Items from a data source
####################
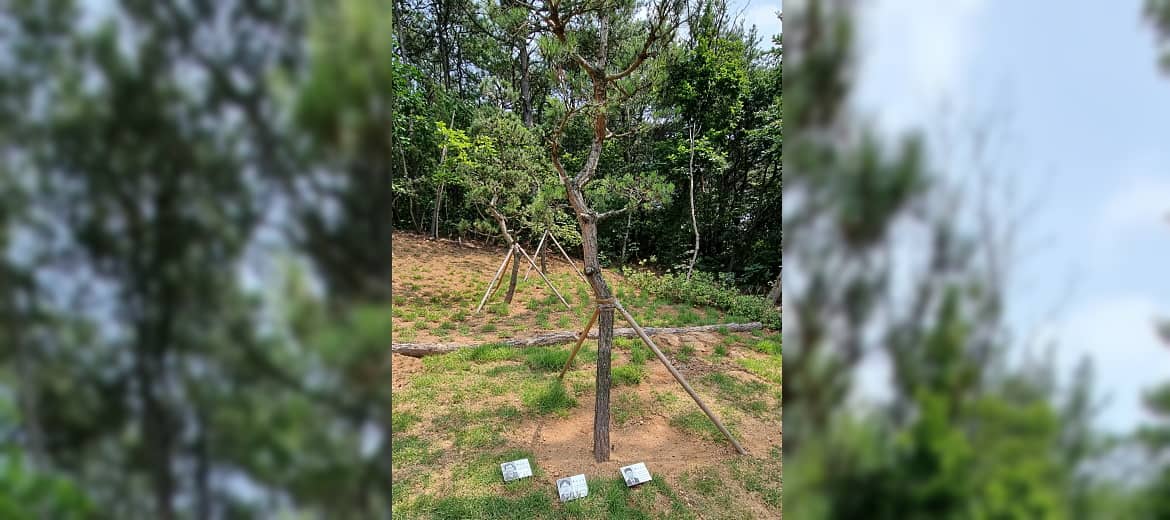 반송나무나 오엽송(나무종류는 수목장마다 다양함)
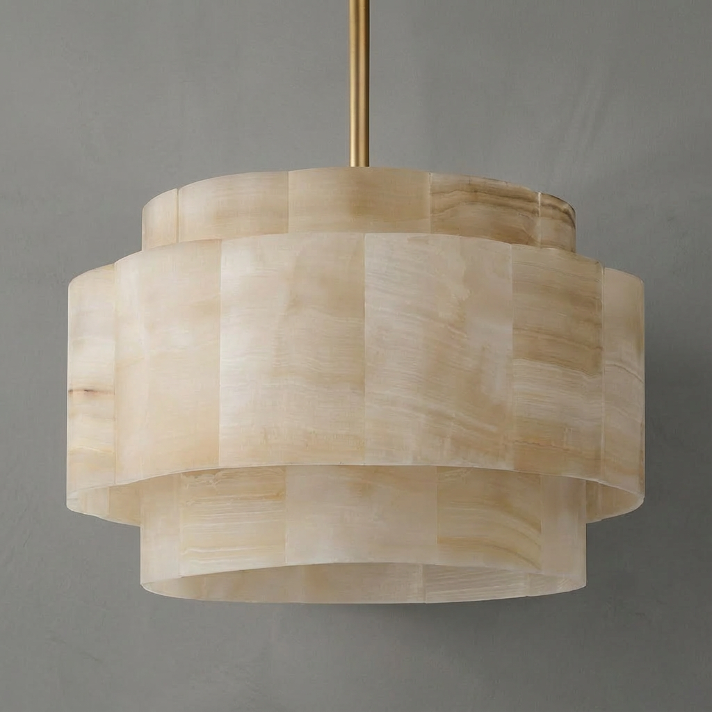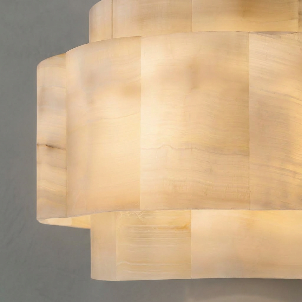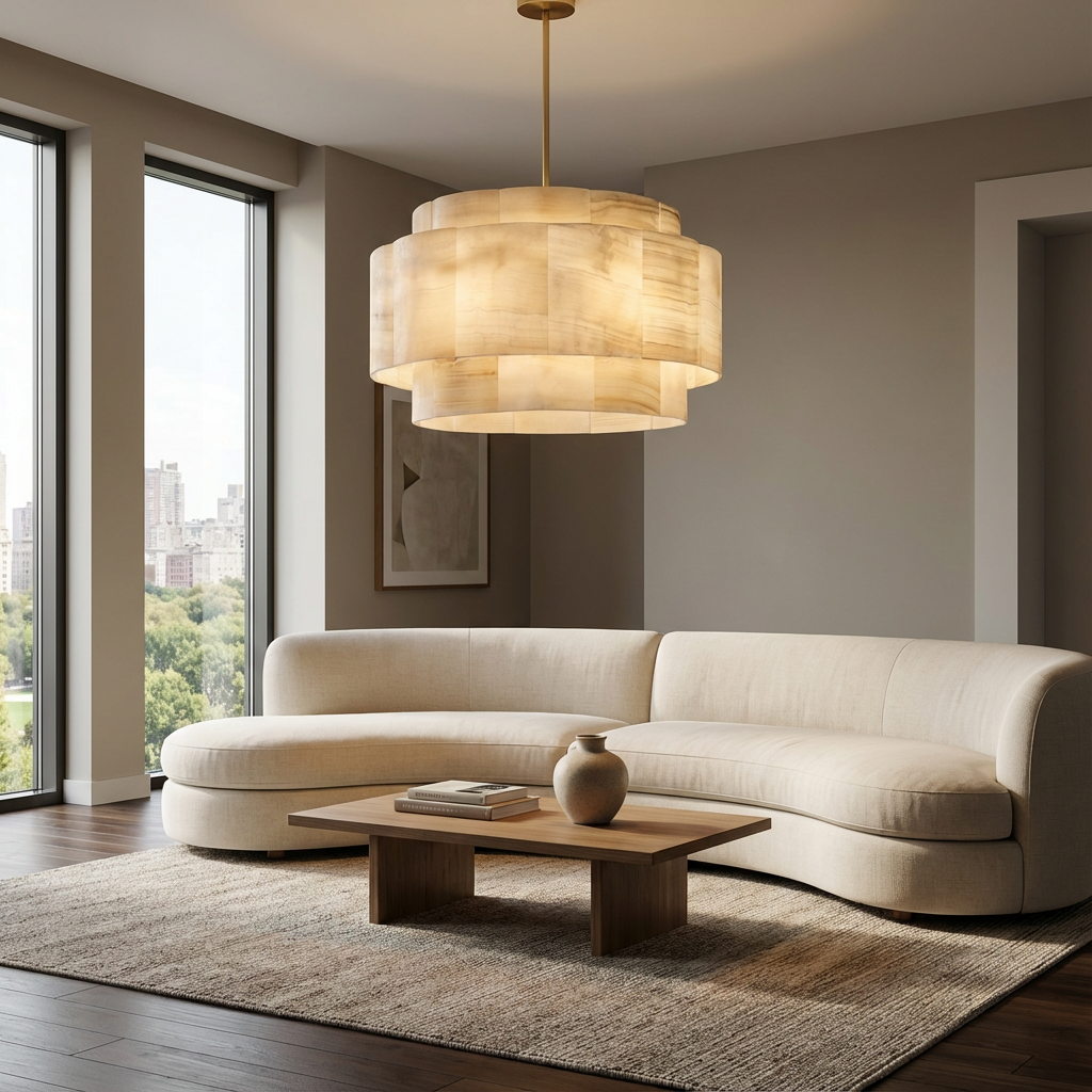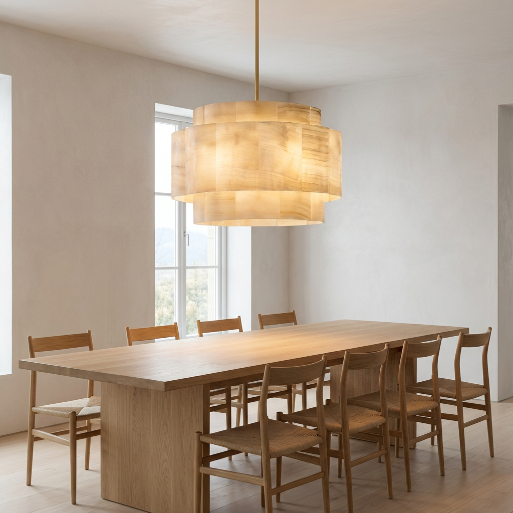 A generous alabaster pendant available in 22-inch and 27-inch diameters, this piece is designed for spaces that benefit from a substantial, single-fixture statement. The broad circular shade in natural alabaster emits a soft, enveloping light that is especially suited to dining tables and living areas, bringing a warm, inviting glow to the room. Its simple outline and natural stone finish lend a refined presence that works seamlessly in both contemporary and transitional interiors. Used alone, it becomes a quiet focal point; grouped in staggered heights, it creates a layered, architectural composition ideal for entries, stairwells, or reading corners that call for a sophisticated accent. Thoughtfully considered mounting details keep the overall impression light and effortless once installed, allowing the alabaster to remain the star while the fixture itself feels airy and understated.
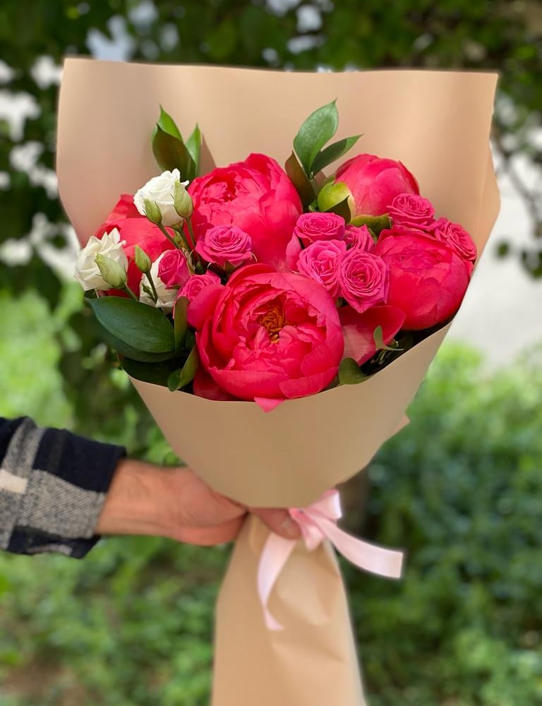 Букет «Шропшир» из пионов и роз
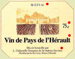 ——酒瓶标签标示为 Vin de Pays + 产区名
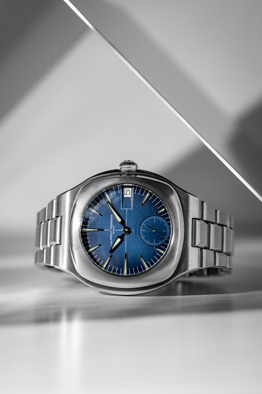 Avancemos a la década de 2020 y la culminación de ese esfuerzo se puede encontrar en la forma del Sport Auto de 41,5 mm. La colección recibió su nombre en homenaje a los orígenes de la marca Laurent Ferrier y se diseñó tomando el automovilismo y los automóviles como inspiración para su silueta evocadora, exterior elegante y curvas aerodinámicas redondeadas desde todas las perspectivas, una referencia sutil a la introducción de Laurent Ferrier en 2019 de la colección Grand Sport de modelos equipados con tourbillon de 44 mm. El Sport Auto cuenta con un brazalete de tres eslabones totalmente integrado y una caja de 12,7 mm de grosor, ambos en titanio de grado 5; una caja intermedia en forma de tonel; un bisel cuya forma recuerda a la colección Square de Laurent Ferrier; y un cristal de zafiro abombado que continúa el perfil curvo.
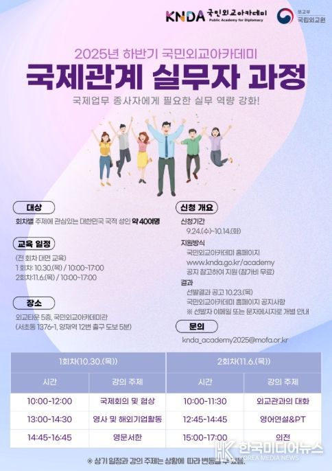 [ 한국미디어뉴스 이원영 기자 ] 외교부 국립외교원은 2025년 하반기 국민외교아카데미 국제관계 실무자 과정 참가자를 9월 24일부터 10월 14일까지 모집한다.
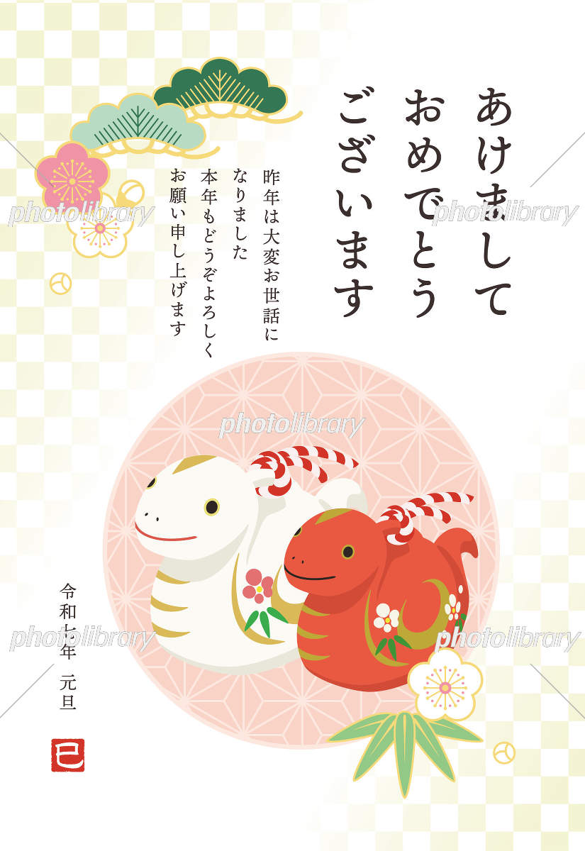 かわいいヘビの土鈴 巳年の年賀状テンプレート 添え書きありイラスト素材7540687- フォトライブラリ。
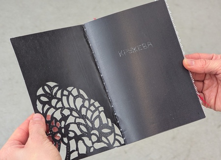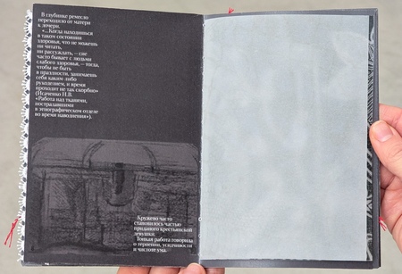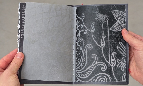 Большое внимание уделено работе над вином после печати: промерзание кружева на бумаге, имитация сколка, коллаж
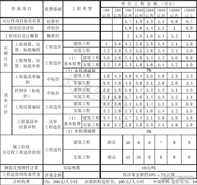 一、上表收費按差額定率分檔累進法計費。劃分標準為單項工程。當咨詢收費不足2000元時,按2000元收?。?/span>
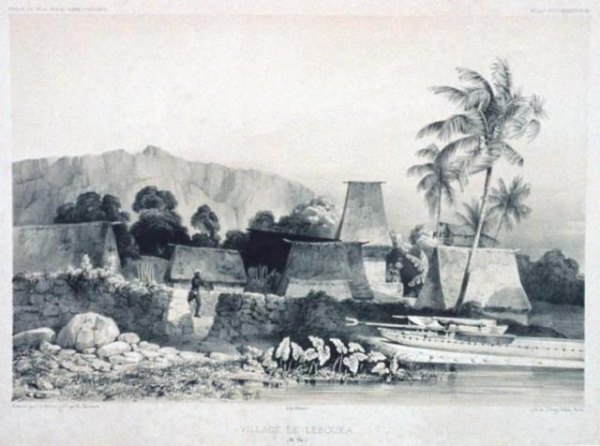 这是19世纪旅行者描绘的美拉尼西亚的斐济,看得出来,当时的美拉尼西亚还保持着比较原始的风貌
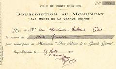 Ville de Puget-Théniers. Souscription au Monument " Aux Morts de la Grande Guerre"
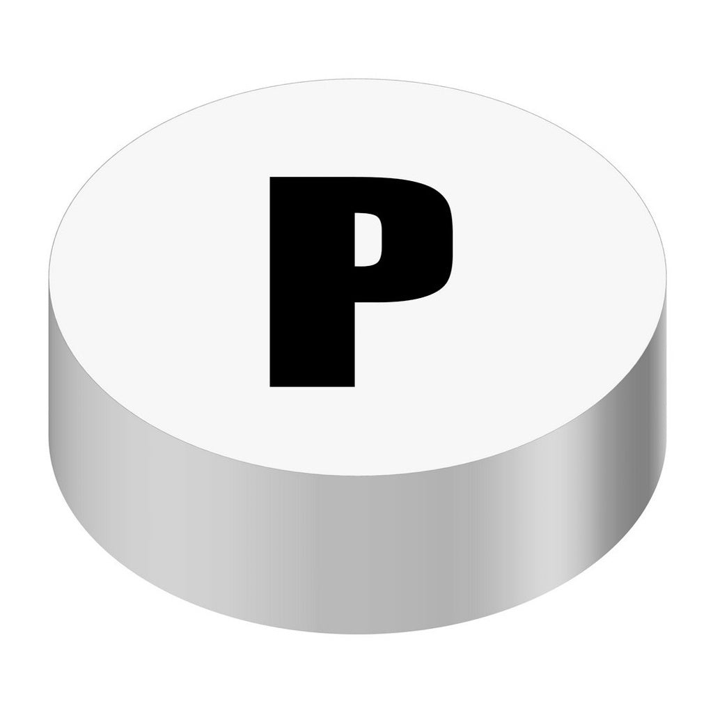 Bargun Button Cap, Round, P, White Cap, Black Letter - PH10-74-021
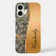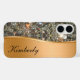 Glitzy smartphone case design for iPhone 16 designed in simulated sparkling jewel bling digitally printed on the cover and a gold tone monogram emblem you can personalize with your name drop or monogram initials to make this your own. Carry your cellphone in a style as unique as you are.
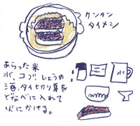 「豚バラとショウガの炊き込みごはん」 ショウガ、シメジ、豚バラ肉を細切りしたものを洗った米と分量の水の中に入れ、しょうゆ・みりん、塩を加えて炊く。 |
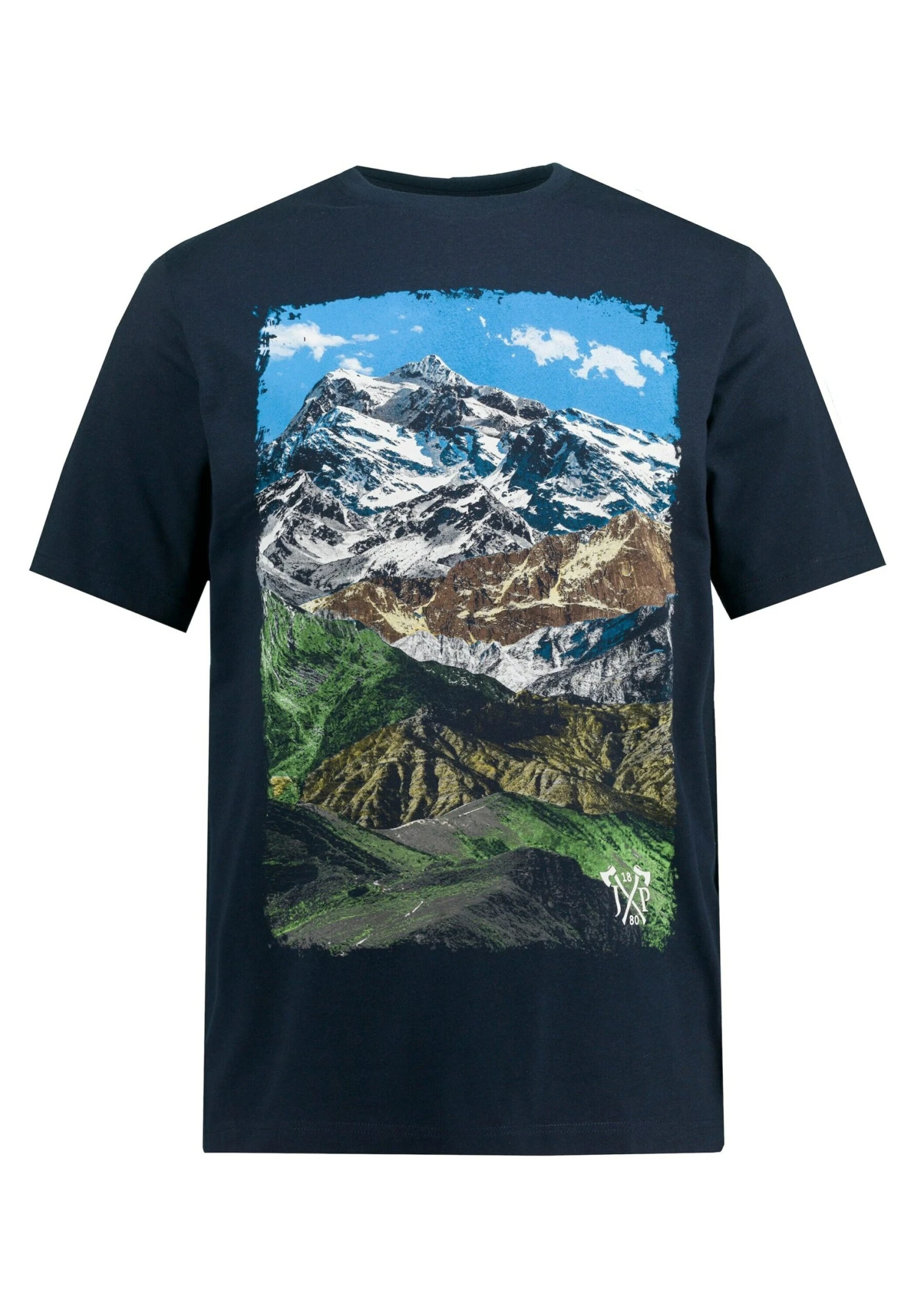 JP1880 Halbarm Vintage Look Rundhals – T-Shirt Print – Navy Blau
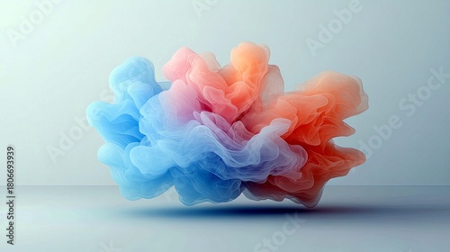 A dynamic, abstract cloud formation of soft, swirling smoke in vibrant blue and orange colors, set against a minimalist light blue background.
####################
• Task description
Please restate each entry exactly, but drop any picture it holds.

• Expected answer
 반송나무나 오엽송(나무종류는 수목장마다 다양함)
 A generous alabaster pendant available in 22-inch and 27-inch diameters, this piece is designed for spaces that benefit from a substantial, single-fixture statement. The broad circular shade in natural alabaster emits a soft, enveloping light that is especially suited to dining tables and living areas, bringing a warm, inviting glow to the room. Its simple outline and natural stone finish lend a refined presence that works seamlessly in both contemporary and transitional interiors. Used alone, it becomes a quiet focal point; grouped in staggered heights, it creates a layered, architectural composition ideal for entries, stairwells, or reading corners that call for a sophisticated accent. Thoughtfully considered mounting details keep the overall impression light and effortless once installed, allowing the alabaster to remain the star while the fixture itself feels airy and understated.
 Букет «Шропшир» из пионов и роз
 ——酒瓶标签标示为 Vin de Pays + 产区名
 Avancemos a la década de 2020 y la culminación de ese esfuerzo se puede encontrar en la forma del Sport Auto de 41,5 mm. La colección recibió su nombre en homenaje a los orígenes de la marca Laurent Ferrier y se diseñó tomando el automovilismo y los automóviles como inspiración para su silueta evocadora, exterior elegante y curvas aerodinámicas redondeadas desde todas las perspectivas, una referencia sutil a la introducción de Laurent Ferrier en 2019 de la colección Grand Sport de modelos equipados con tourbillon de 44 mm. El Sport Auto cuenta con un brazalete de tres eslabones totalmente integrado y una caja de 12,7 mm de grosor, ambos en titanio de grado 5; una caja intermedia en forma de tonel; un bisel cuya forma recuerda a la colección Square de Laurent Ferrier; y un cristal de zafiro abombado que continúa el perfil curvo.
 [ 한국미디어뉴스 이원영 기자 ] 외교부 국립외교원은 2025년 하반기 국민외교아카데미 국제관계 실무자 과정 참가자를 9월 24일부터 10월 14일까지 모집한다.
 かわいいヘビの土鈴 巳年の年賀状テンプレート 添え書きありイラスト素材7540687- フォトライブラリ。
 Большое внимание уделено работе над вином после печати: промерзание кружева на бумаге, имитация сколка, коллаж
 一、上表收費按差額定率分檔累進法計費。劃分標準為單項工程。當咨詢收費不足2000元時,按2000元收?。?/span>
 这是19世纪旅行者描绘的美拉尼西亚的斐济,看得出来,当时的美拉尼西亚还保持着比较原始的风貌
 Ville de Puget-Théniers. Souscription au Monument " Aux Morts de la Grande Guerre"
 Bargun Button Cap, Round, P, White Cap, Black Letter - PH10-74-021
 Glitzy smartphone case design for iPhone 16 designed in simulated sparkling jewel bling digitally printed on the cover and a gold tone monogram emblem you can personalize with your name drop or monogram initials to make this your own. Carry your cellphone in a style as unique as you are.
 「豚バラとショウガの炊き込みごはん」 ショウガ、シメジ、豚バラ肉を細切りしたものを洗った米と分量の水の中に入れ、しょうゆ・みりん、塩を加えて炊く。 |
 JP1880 Halbarm Vintage Look Rundhals – T-Shirt Print – Navy Blau
 A dynamic, abstract cloud formation of soft, swirling smoke in vibrant blue and orange colors, set against a minimalist light blue background.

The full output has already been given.